WHAT NEEDS TO BE DONE.
This exercise calls for the data below to be retyped exactly, minus any images.

DATA SEGMENT.
--*--

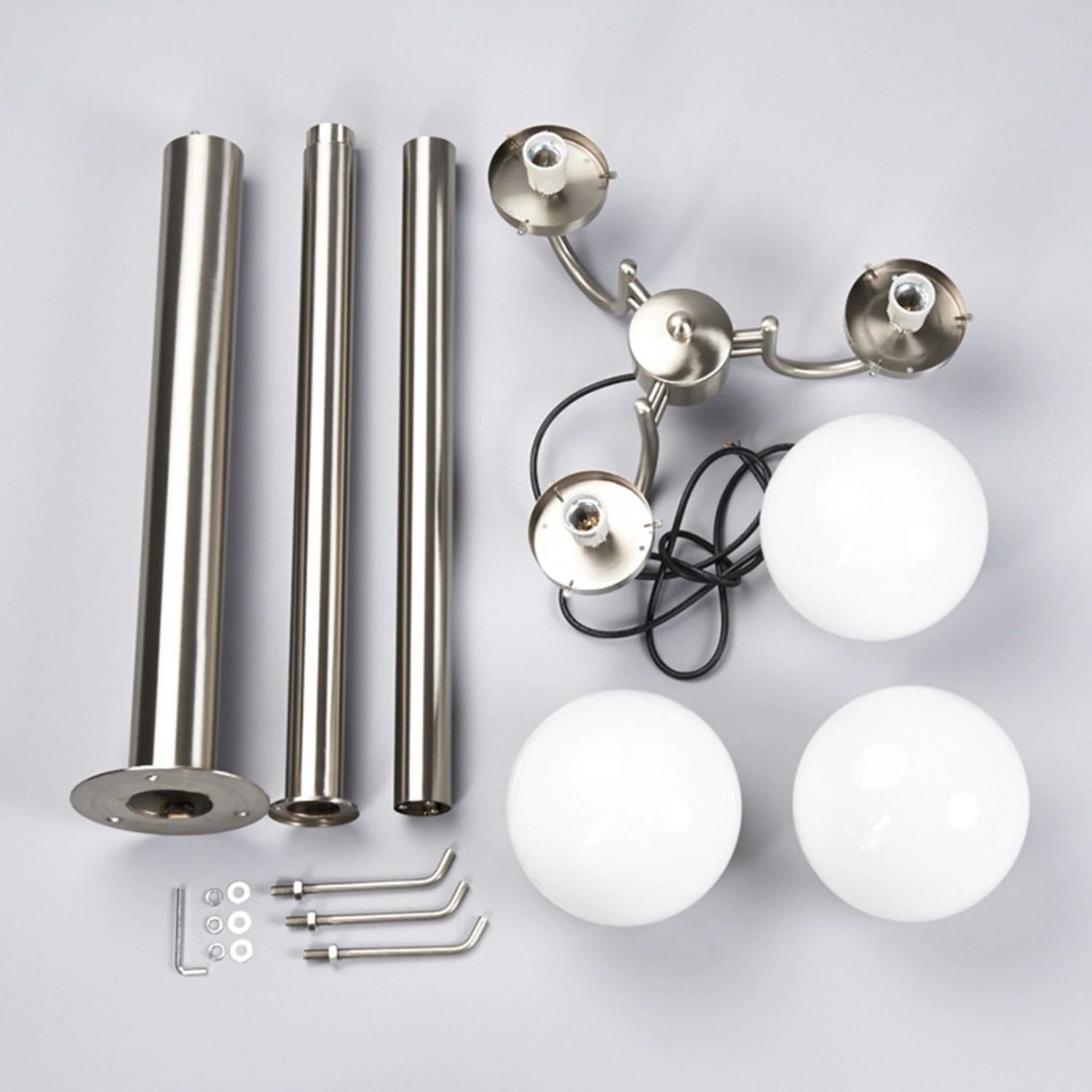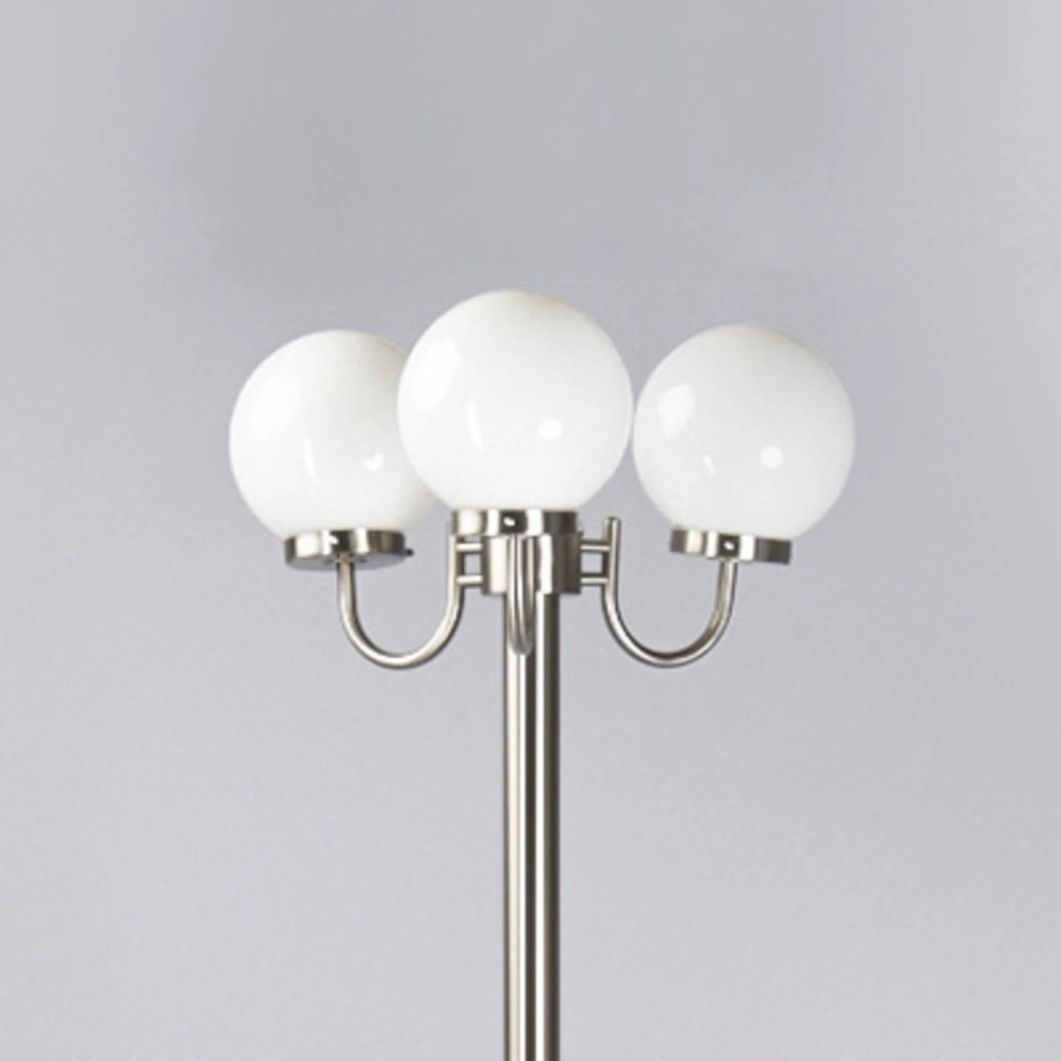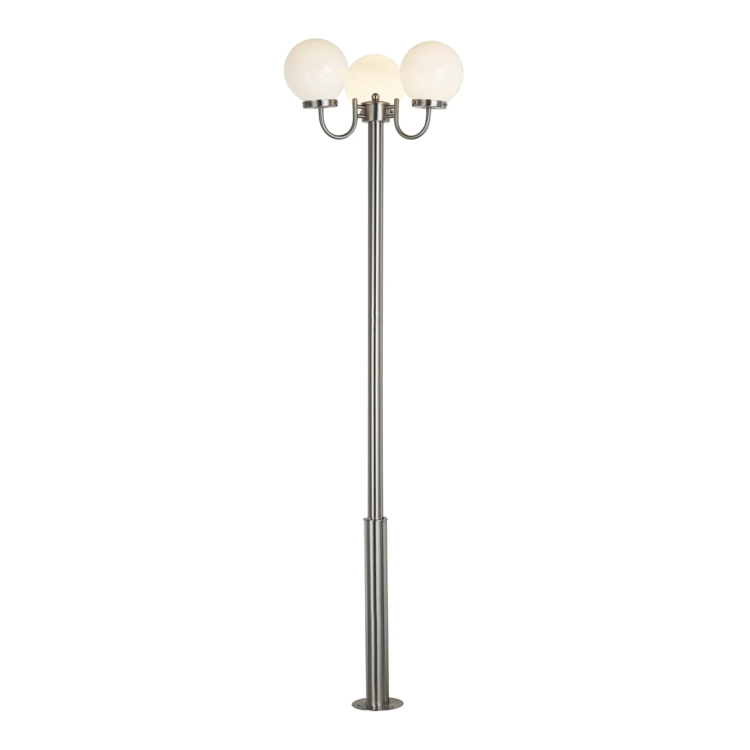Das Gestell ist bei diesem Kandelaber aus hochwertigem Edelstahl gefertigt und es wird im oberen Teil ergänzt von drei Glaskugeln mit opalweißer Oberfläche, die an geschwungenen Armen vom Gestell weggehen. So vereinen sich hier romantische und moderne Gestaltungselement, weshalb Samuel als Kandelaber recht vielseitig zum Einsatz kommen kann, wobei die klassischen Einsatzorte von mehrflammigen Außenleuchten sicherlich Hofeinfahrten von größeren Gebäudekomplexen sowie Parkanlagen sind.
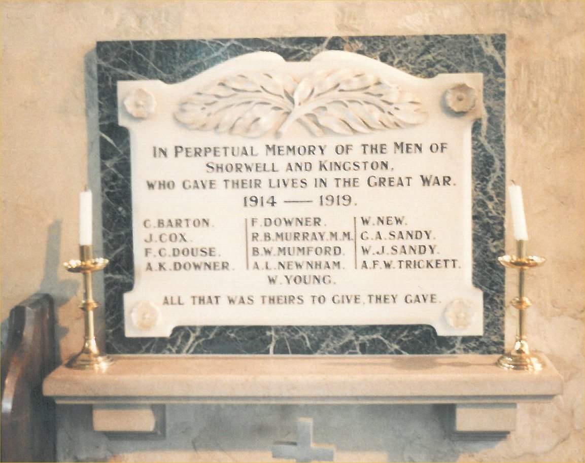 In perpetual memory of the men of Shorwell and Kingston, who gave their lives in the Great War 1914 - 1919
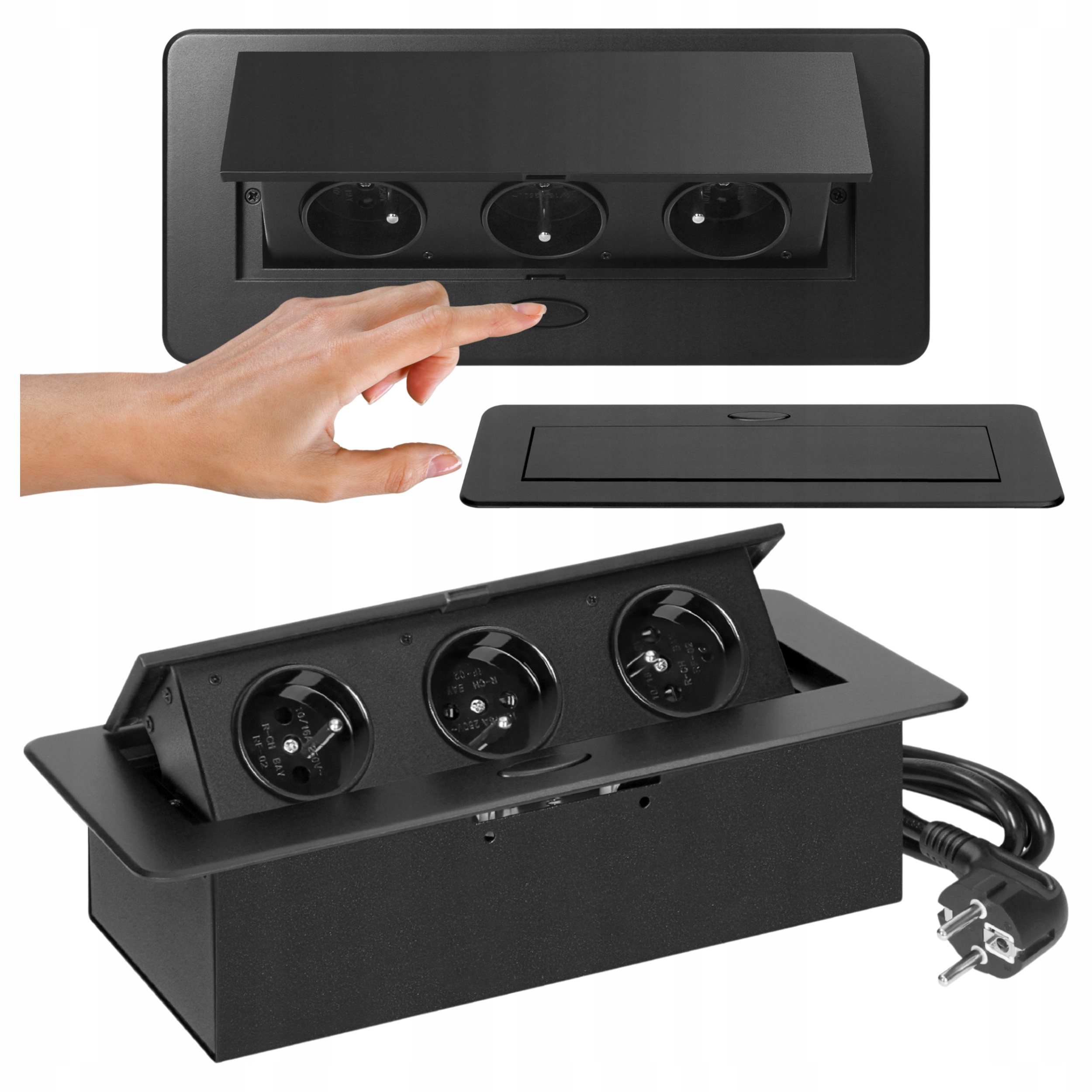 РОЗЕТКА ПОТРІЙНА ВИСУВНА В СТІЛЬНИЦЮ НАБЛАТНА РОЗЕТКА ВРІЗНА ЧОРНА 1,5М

--*--

RESPONSE TO THIS EXERCISE.
Das Gestell ist bei diesem Kandelaber aus hochwertigem Edelstahl gefertigt und es wird im oberen Teil ergänzt von drei Glaskugeln mit opalweißer Oberfläche, die an geschwungenen Armen vom Gestell weggehen. So vereinen sich hier romantische und moderne Gestaltungselement, weshalb Samuel als Kandelaber recht vielseitig zum Einsatz kommen kann, wobei die klassischen Einsatzorte von mehrflammigen Außenleuchten sicherlich Hofeinfahrten von größeren Gebäudekomplexen sowie Parkanlagen sind.
 In perpetual memory of the men of Shorwell and Kingston, who gave their lives in the Great War 1914 - 1919
 РОЗЕТКА ПОТРІЙНА ВИСУВНА В СТІЛЬНИЦЮ НАБЛАТНА РОЗЕТКА ВРІЗНА ЧОРНА 1,5М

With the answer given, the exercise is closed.